Modern concepts of pulmonary arterial hypertension (PAH) pathogenesis focus on the key role of endothelial dysfunction of pulmonary vessels. To control the activation of endothelin-1 system, endothelin receptor antagonists (ERA) are current ly used. Until recently, this class of drugs in our country and abroad was represented by two drugs: the sulfonamide derivative - a nonselective ERA bosentan and a non-sulfonamide derivative - ambrisentan, which blocks only ETA-receptors. Not the selectivity of ERAs, but their pharmacokinetic characteristics determine the differences in the profile of efficacy and safety. In 2015, in our country there appeared a new dual antagonist macitentan, which was created to optimize the tissue effects by increasing lipophilicity. In randomized SERAPHIN study, the use of macitental 10 mg compared with placebo contributed to a reduction of the risk of morbidity and mortality in patients with PAH by 45%, and the effect of therapy was not dependent on whether the patients received concomitant specific therapy with inhibitors of phosphodiesterase type 5, oral or inhaled prostanoids. In the paper there summarized indications for prescribing ERA, the data of the evidence base, as well as the concept of switching to optimize the ERA treatment. It is important to emphasize that in case of a satisfactory clinical response with ERA therapy, correction of therapy seems discrete. In the European guidelines 2015, this issue is not considered as having no extensive evidence base. On the other hand, it cannot be ruled out that the use of generic bosentan may lead to a decrease in the treatment effecacy and to provoke the clinical deterioration. At present clinical data intensively accumulate in favor of the strategy of switching from bosentan or ambrisentan to macitentan in PAH patients. It is necessary to assess the potential benefits associated with ERA switching to macitentan, in comparison with the possibilities of combination therapy.

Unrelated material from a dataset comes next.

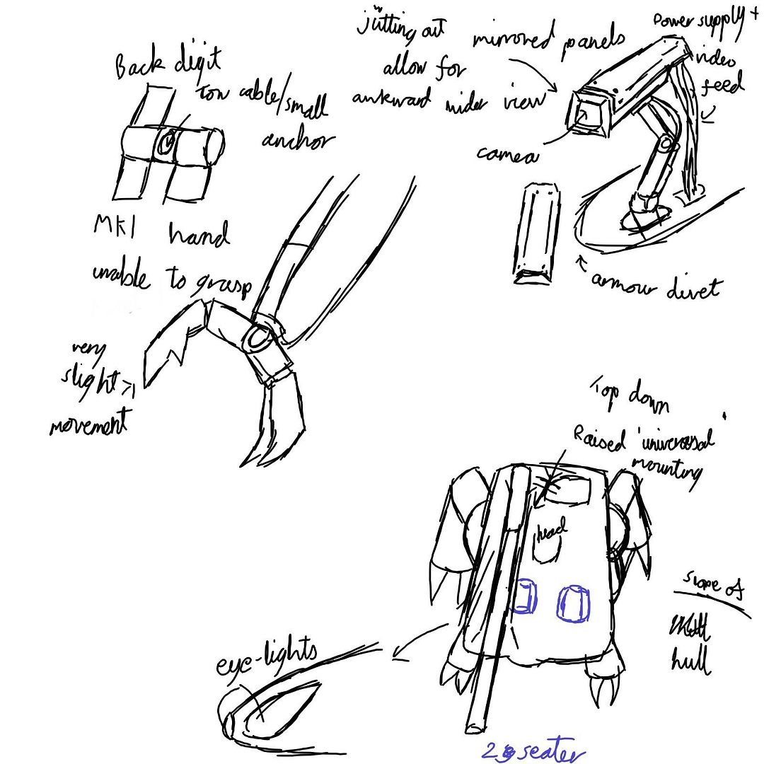 Though hiccups there being I don't really know any available tecchy artist that could help me build this up and refine my hideous doodles into something more... mechanically adorable. So you know, tell a friend.

pulmonary arterial hypertension, endothelin receptor antagonists, bosentan, ambrisentan, macitentan, switching strategy

1. Martyniuk TV, Nakonechnikov SN, Chazova I.Ye. Modern approaches to the treatment of patients with pulmonary hypertension in the light of the recommendations of the European Society of Cardiology. Consilium Medicum 2005; 11:957-962. [in Russian]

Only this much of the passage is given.